Content starts
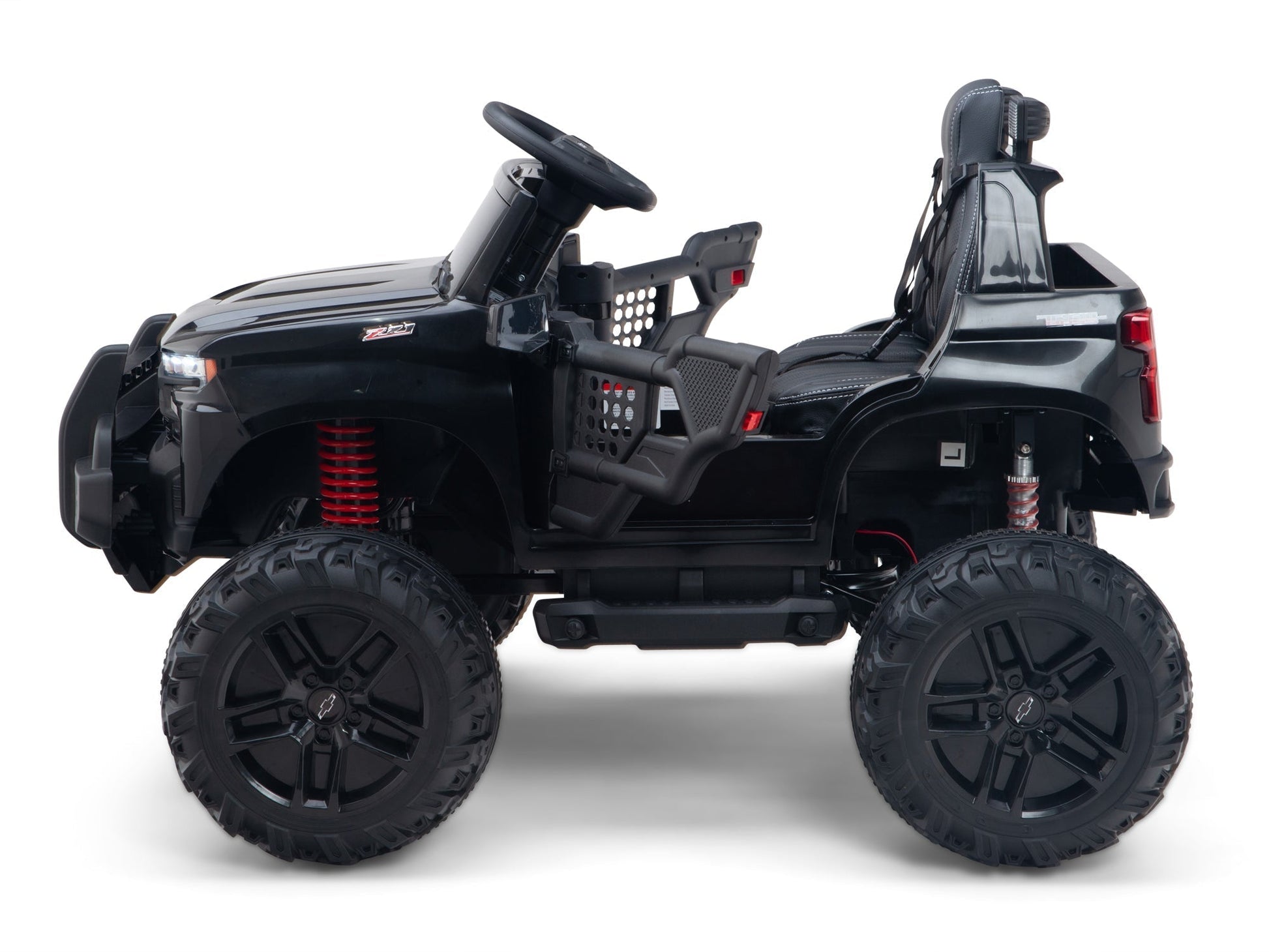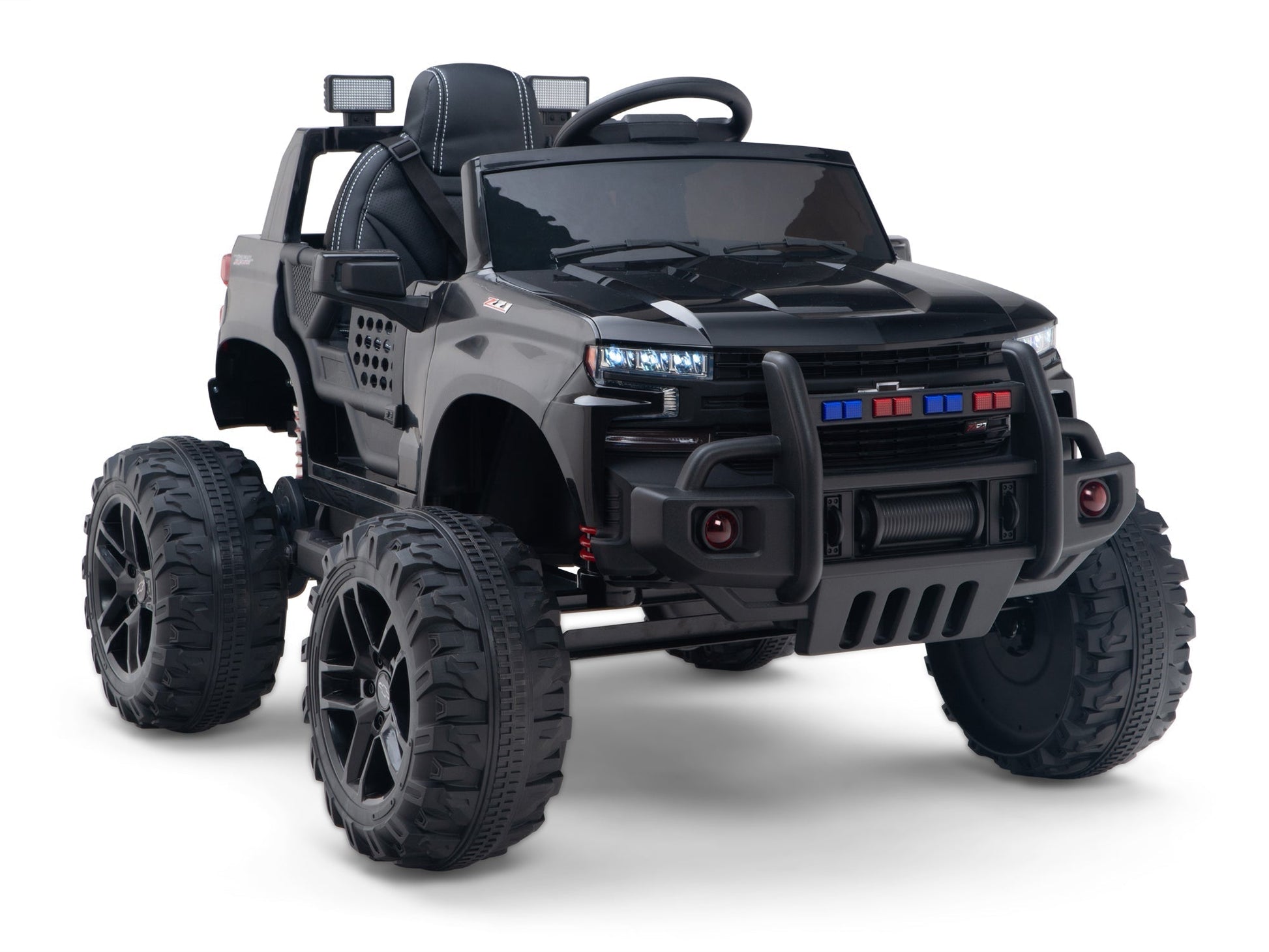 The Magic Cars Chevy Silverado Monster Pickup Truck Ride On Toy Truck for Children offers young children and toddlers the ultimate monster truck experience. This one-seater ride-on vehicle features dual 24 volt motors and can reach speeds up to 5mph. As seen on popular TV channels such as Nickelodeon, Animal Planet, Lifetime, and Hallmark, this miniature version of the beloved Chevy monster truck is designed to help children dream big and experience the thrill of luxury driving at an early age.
Content ends
Content starts
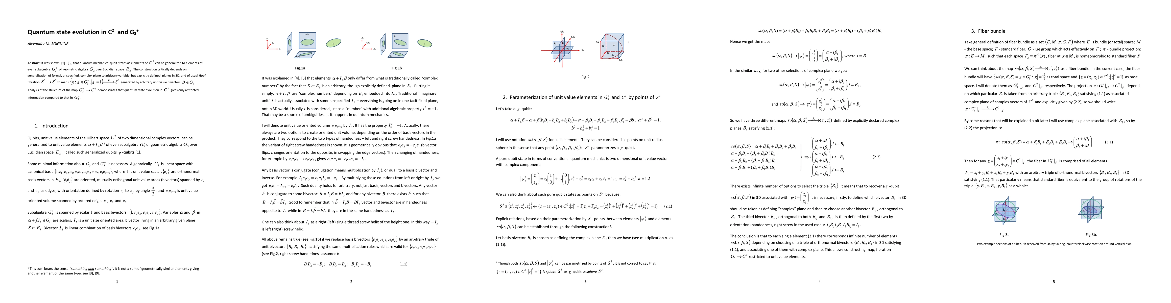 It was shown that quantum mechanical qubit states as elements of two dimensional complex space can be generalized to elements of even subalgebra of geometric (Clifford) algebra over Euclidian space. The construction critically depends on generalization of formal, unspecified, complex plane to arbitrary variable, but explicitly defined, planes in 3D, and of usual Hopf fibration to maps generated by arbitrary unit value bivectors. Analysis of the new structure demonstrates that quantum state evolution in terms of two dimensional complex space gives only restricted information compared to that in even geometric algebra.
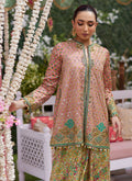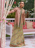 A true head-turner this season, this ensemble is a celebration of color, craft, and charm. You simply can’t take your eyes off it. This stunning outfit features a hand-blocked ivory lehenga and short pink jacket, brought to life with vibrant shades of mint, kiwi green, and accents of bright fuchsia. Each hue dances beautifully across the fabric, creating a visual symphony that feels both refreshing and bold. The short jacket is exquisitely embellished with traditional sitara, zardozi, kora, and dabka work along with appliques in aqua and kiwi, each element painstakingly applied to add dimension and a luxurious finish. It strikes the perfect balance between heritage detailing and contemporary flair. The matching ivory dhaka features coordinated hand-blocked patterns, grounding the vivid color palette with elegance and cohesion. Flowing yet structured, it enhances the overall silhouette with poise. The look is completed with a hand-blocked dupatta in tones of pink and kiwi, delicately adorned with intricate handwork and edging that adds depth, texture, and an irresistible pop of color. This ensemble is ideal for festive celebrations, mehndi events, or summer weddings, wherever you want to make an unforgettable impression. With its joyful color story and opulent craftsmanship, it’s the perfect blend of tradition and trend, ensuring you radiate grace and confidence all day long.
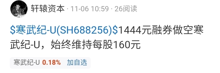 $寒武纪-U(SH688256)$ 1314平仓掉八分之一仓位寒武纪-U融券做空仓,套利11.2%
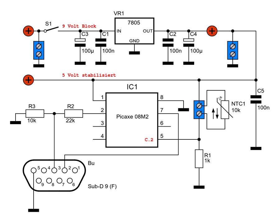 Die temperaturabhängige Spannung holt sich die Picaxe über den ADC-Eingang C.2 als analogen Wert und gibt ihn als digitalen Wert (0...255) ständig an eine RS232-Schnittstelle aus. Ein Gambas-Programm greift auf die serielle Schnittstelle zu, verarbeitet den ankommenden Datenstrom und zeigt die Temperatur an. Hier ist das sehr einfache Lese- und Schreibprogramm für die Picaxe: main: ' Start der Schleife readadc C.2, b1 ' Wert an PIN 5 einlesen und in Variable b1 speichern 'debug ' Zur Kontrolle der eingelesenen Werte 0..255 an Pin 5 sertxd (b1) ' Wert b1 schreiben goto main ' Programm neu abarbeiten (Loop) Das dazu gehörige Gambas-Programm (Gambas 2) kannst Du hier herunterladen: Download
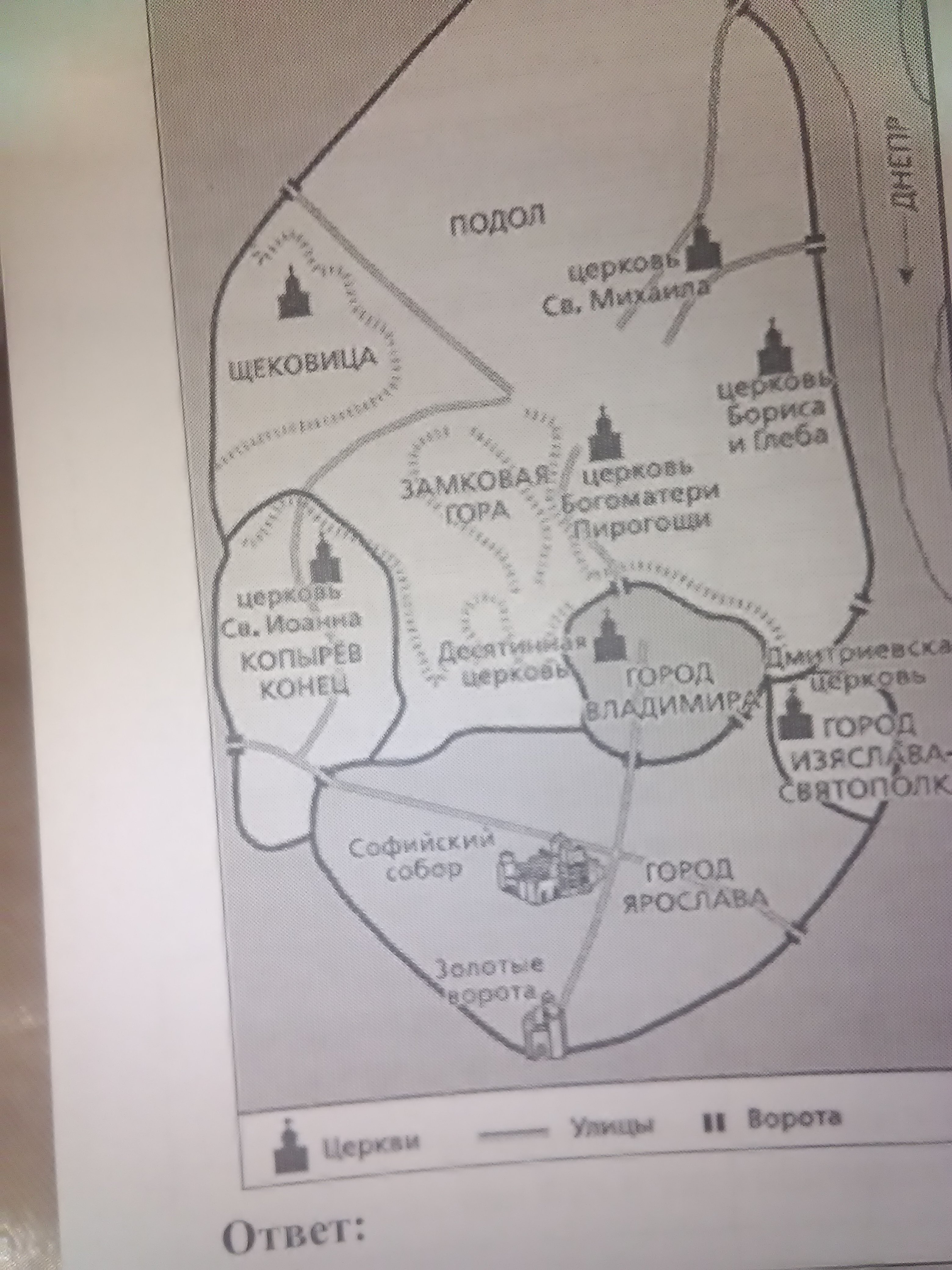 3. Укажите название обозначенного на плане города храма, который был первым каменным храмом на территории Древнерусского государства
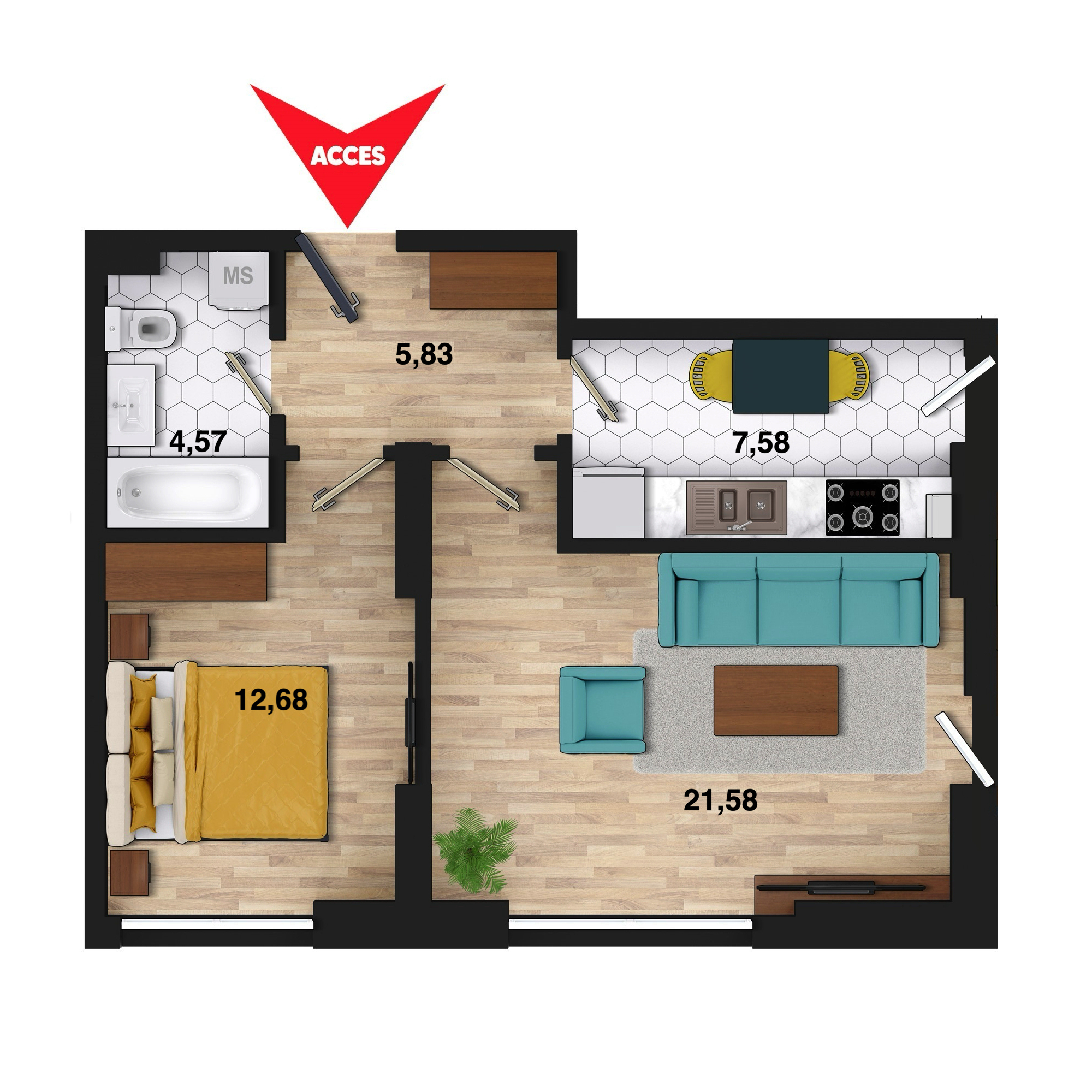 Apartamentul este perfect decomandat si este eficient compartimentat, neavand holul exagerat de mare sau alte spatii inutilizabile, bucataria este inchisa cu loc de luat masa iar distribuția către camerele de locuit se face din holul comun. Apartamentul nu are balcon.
Content ends
== WHAT THE TASK REQUIRES ==
Although the records above contain pictures, the copy should not; retype exactly the lines from the one containing "3. Укажите название" through the one containing "Apartamentul este perfect".

== RESPONSE AREA ==
 3. Укажите название обозначенного на плане города храма, который был первым каменным храмом на территории Древнерусского государства
 Apartamentul este perfect decomandat si este eficient compartimentat, neavand holul exagerat de mare sau alte spatii inutilizabile, bucataria este inchisa cu loc de luat masa iar distribuția către camerele de locuit se face din holul comun. Apartamentul nu are balcon.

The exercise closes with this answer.